И однажды майским вечером в кромешной темноте своей комнаты Аглая, как всегда, просматривала порноролики, чтобы не рыдать; она увидела совершенный объект: он появился на экране посреди комнаты в стиле инди – длинное белое шрамированное тело в татуировках дотворк, пересеченных цветущей веткой ирисов, красивое лицо, на котором застыло слабоумное выражение, узкие кисти рук, роскошный двадцатисантиметровый член. Вся эта безупречно сконструированная механика секса, быстрые фрикции, напоминающие движения станка, белые тела, слюна и сперма. Жидкие кристаллы отражали свет, пиксели перемещались, превращаясь в бесконечную влагу внутри ее вагины. И она млела и текла. И затем, пережив кратковременное исчезновение в чужих стонах, Аглая ушла в ванную, там она отработанным жестом извлекла бритву из тонкой бумаги, похожей на папиросную, и с небольшим усилием несколько раз порезала свои бедра. В процессе она успела подумать: не слишком ли это в духе Эльфриды Елинек – резать себя после мастурбации? Увидев капли крови на кафельном полу, Аглая вспомнила своего друга, его давний невроз, связанный с мучительным волнением, почти страхом перед приходом клинера из-за таких же вот пятен крови в ванной. Их действительная дружба началась с короткого разговора об аутоагрессии, и он сказал ей тогда:
– Покажите руки.
И Аглая вытянула перед ним свои руки, он бегло и с недоверием оглядел паутину белесых слабых полосок до сгиба ее локтей и вынес свой вердикт:
– Детский сад.
И она ответила ему:
– Но вы же не видели моих бедер.
Безусловно, селфхарм в наши дни сближает людей быстрее и эффективнее алкоголя, думала Аглая, выключая свет в ванной комнате. Она обработала девять тонких полосок раствором хлоргексидина, выпила таблетку снотворного и легла в чистую постель, как в братскую могилу. Реминисценция наоборот – процесс забывания. Свернувшись калачиком, Аглая забывала: имена, лица, запахи, цветы, цвета, стекла, фантики, журналы, этикетки, названия, даты, поры, черты, ощущения, рождения, смерть Баха, Моцарта и дефлорацию. Ей нестерпимо хотелось увидеть ребенка, как чистые голубые глаза широко раскрываются, осмысляя ее не как молодую нервную женщину, а как часть Вселенной.

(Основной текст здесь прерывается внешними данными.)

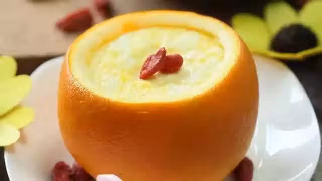 2、橙子皮中打入雞蛋,再放入攪碎的果肉和適量的冰糖,然後放入蒸鍋蒸10分鐘左右;

Аглае приснилась магма – черная женщина, смерть с тысячью языков и фаллосов в руках и один сплошной густой язык нефти вместо тела. Раздваивающийся язык нефти, заражающий ее священной темнотой.
Удовольствие выходить из дома только под вечер, обреченность быть зависимой. Если бы Аглая научилась конвертировать собственную болезненность в лживые акции успеха, ей позавидовали бы сильные мира сего. Но она всегда стремилась только спрятаться от боли, укрыться от нее любым доступным способом, и ее внутренняя поврежденность росла, как полость незашитой раны. Днем в офисе, лакая черный растворимый кофе, отчего-то пахнущий хлоркой, она находилась в предгаллюцинаторном состоянии, ее уже не волновал новый рыжеволосый сотрудник, ее зрение и тело жаждали только воссоединения с мерцанием экрана. Она наивно думала о том, почему у всех знакомых ей мужчин не может быть настолько красивых членов, возможно, это бы сподвигло ее стать адептом хоть какой-то веры и даже соблюдать пост. Все, что ей было нужно, – это избавление от реальности любой ценой.
Вечером все повторилось: Аглая открыла крышку лэптопа, на экране снова возникло белое тело и утвержденное сценарием движение агрессии, внезапно клавиатура стала горячей и лэптоп зашумел, моторы внутри него как будто сорвались с шестеренок и несколько секунд гудели, точно вертолет перед взлетом, прежде чем экран погас, актер успел схватить актрису за волосы, и воцарилась тьма, из устройства пошел дым, и затем внутри него что-то издало слабый всхлип, и тьма соединилась с тишиной.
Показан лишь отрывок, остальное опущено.